**Prompt:** Copy nothing but the lines below, from the one with "이게 재료가 백철이나" through the one with "Naštěstí lze sjednat", exactly as written; no pictures should appear.

**Data listing:**
- - - -
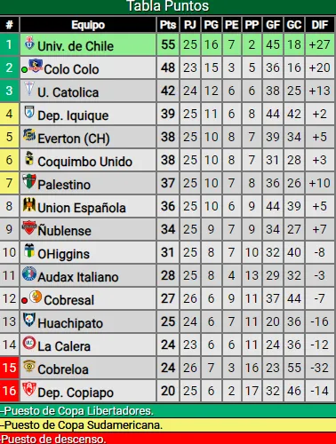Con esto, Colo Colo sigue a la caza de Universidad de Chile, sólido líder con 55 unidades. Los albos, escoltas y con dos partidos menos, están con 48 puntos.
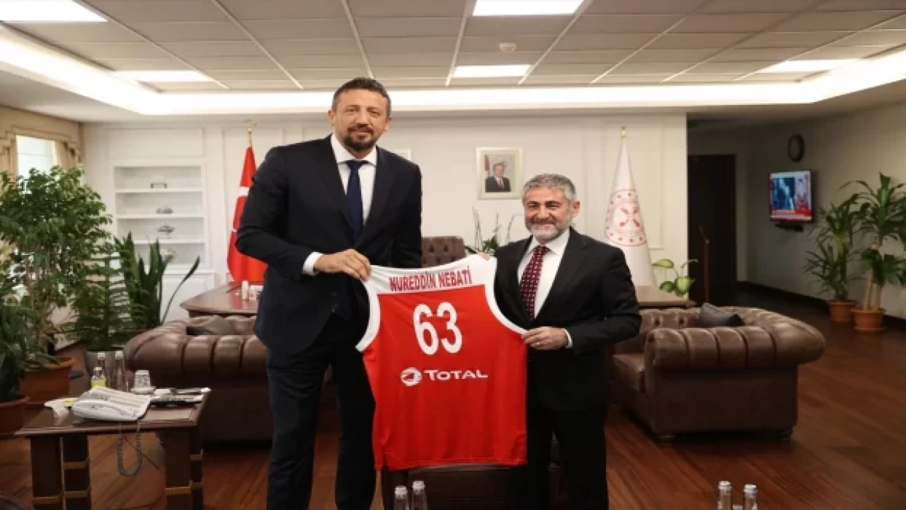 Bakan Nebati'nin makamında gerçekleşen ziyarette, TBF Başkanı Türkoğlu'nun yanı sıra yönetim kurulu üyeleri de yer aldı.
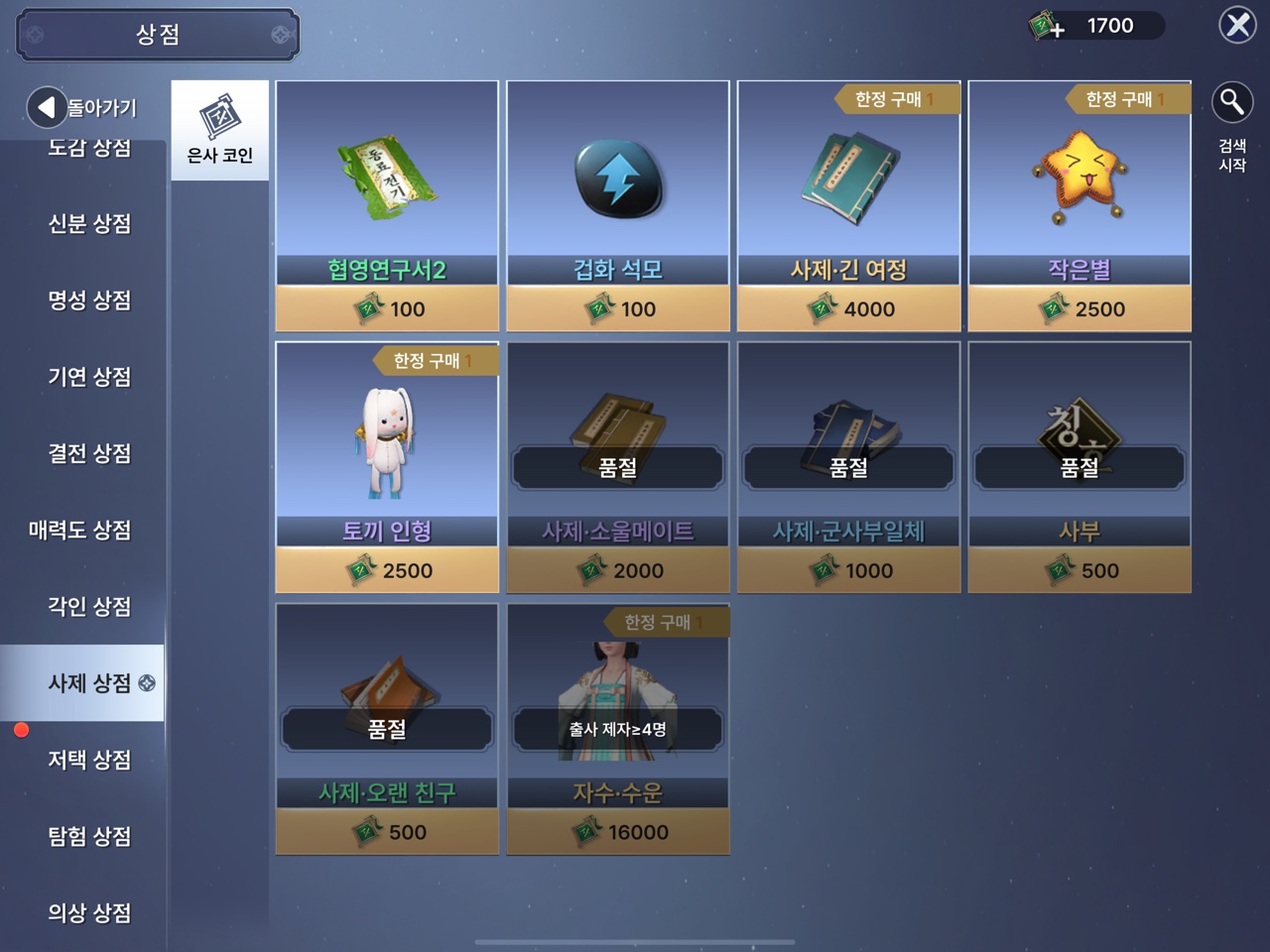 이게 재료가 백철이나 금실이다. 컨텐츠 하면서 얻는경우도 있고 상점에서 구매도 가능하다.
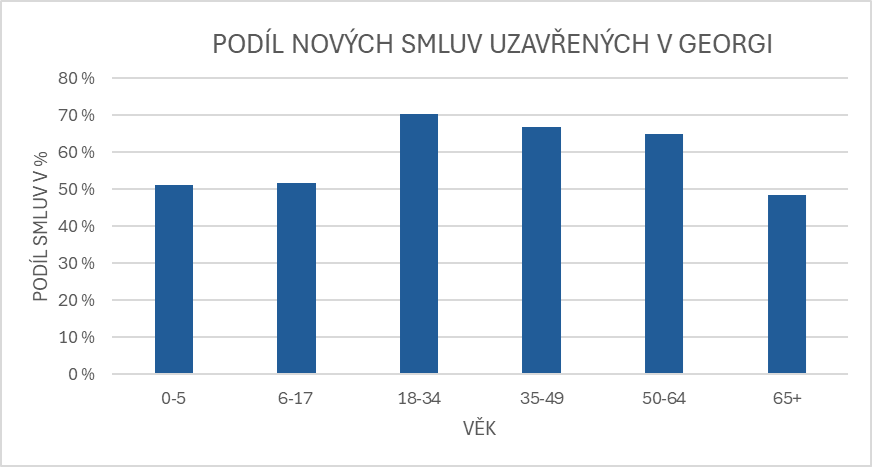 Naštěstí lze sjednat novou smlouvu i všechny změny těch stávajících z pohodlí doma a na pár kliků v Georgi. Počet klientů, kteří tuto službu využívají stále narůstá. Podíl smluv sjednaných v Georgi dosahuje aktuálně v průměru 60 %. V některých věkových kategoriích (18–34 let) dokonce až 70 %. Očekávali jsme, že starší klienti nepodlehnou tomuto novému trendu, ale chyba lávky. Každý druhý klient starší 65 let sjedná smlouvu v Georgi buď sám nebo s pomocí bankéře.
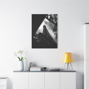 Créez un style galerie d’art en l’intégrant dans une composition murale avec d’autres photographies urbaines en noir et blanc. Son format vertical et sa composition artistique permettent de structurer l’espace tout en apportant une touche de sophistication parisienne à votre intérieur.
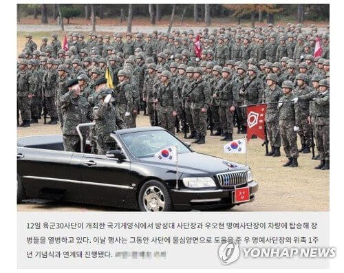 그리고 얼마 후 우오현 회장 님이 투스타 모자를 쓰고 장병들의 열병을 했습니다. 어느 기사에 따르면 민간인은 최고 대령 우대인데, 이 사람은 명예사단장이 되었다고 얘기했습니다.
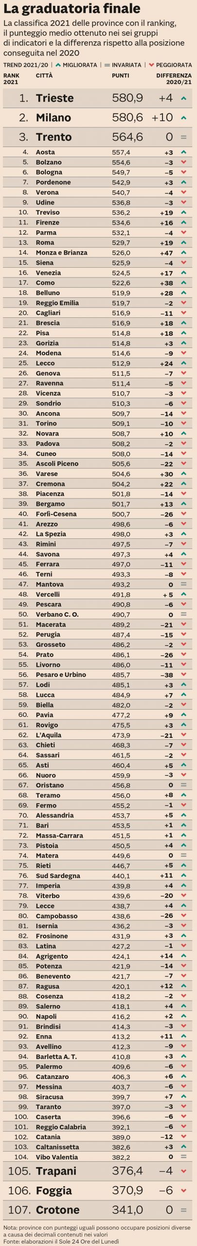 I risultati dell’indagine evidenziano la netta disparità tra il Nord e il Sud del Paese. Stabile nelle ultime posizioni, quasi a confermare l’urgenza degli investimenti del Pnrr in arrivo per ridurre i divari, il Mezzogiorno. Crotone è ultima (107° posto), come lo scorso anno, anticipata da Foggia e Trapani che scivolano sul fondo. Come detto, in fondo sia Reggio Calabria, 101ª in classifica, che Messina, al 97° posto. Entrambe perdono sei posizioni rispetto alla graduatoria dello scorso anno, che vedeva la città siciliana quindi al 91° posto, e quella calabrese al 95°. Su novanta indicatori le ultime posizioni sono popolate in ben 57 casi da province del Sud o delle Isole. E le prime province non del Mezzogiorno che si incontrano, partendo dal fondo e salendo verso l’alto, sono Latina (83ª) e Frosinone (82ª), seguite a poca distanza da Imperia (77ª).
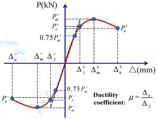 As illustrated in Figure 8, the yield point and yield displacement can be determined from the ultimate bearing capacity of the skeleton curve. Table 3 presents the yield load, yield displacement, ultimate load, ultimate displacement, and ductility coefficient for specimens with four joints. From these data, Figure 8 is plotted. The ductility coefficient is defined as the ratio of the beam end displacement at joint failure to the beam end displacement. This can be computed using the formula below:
- - - -
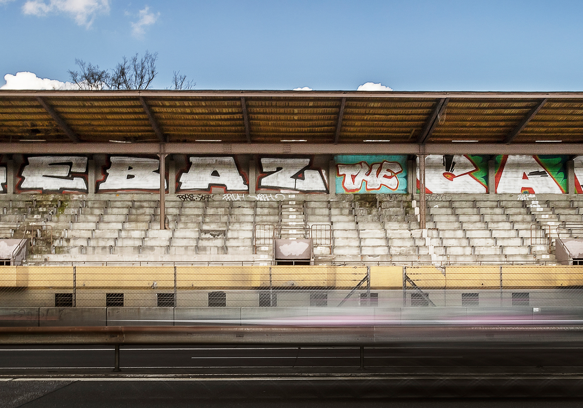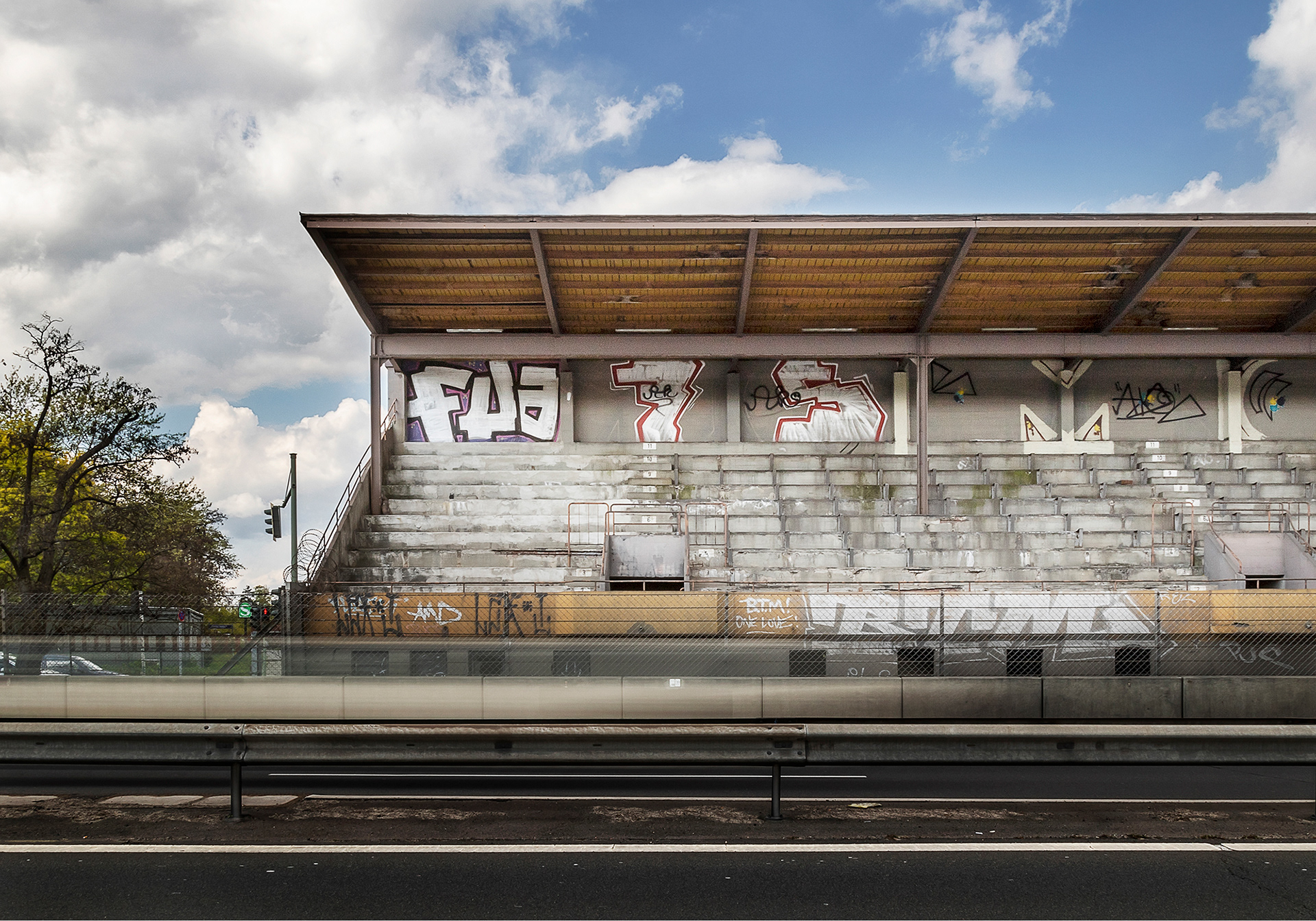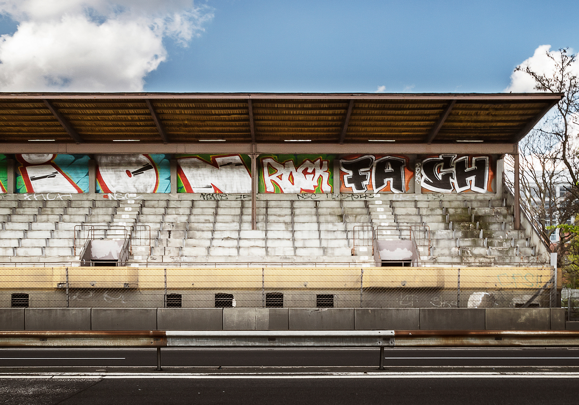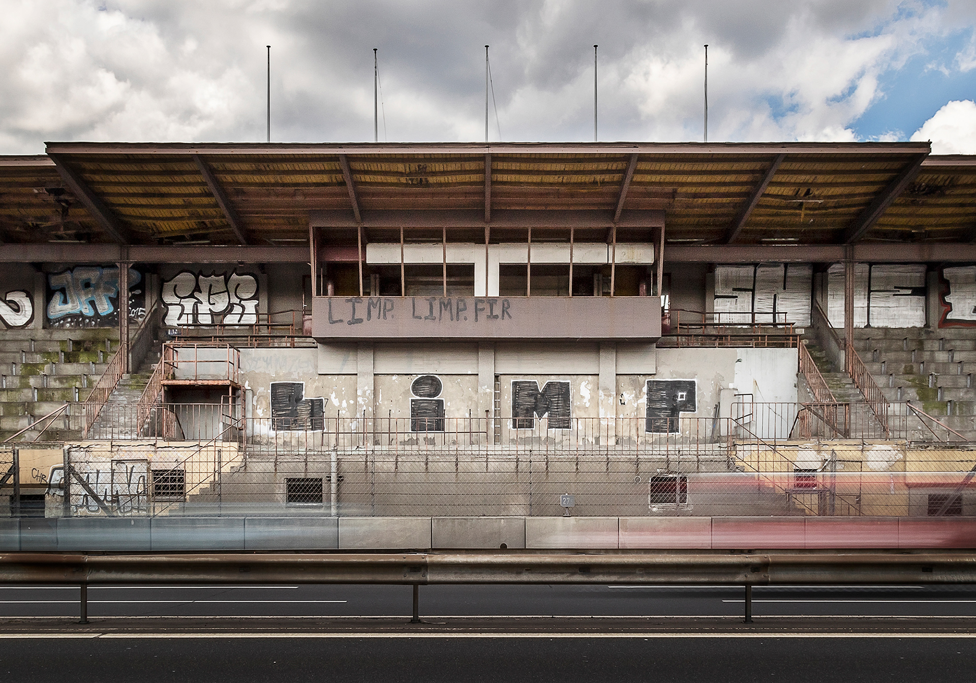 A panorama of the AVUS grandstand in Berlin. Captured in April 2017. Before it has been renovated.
- - - -
**Solution to the exercise:**
 이게 재료가 백철이나 금실이다. 컨텐츠 하면서 얻는경우도 있고 상점에서 구매도 가능하다.
 Naštěstí lze sjednat novou smlouvu i všechny změny těch stávajících z pohodlí doma a na pár kliků v Georgi. Počet klientů, kteří tuto službu využívají stále narůstá. Podíl smluv sjednaných v Georgi dosahuje aktuálně v průměru 60 %. V některých věkových kategoriích (18–34 let) dokonce až 70 %. Očekávali jsme, že starší klienti nepodlehnou tomuto novému trendu, ale chyba lávky. Každý druhý klient starší 65 let sjedná smlouvu v Georgi buď sám nebo s pomocí bankéře.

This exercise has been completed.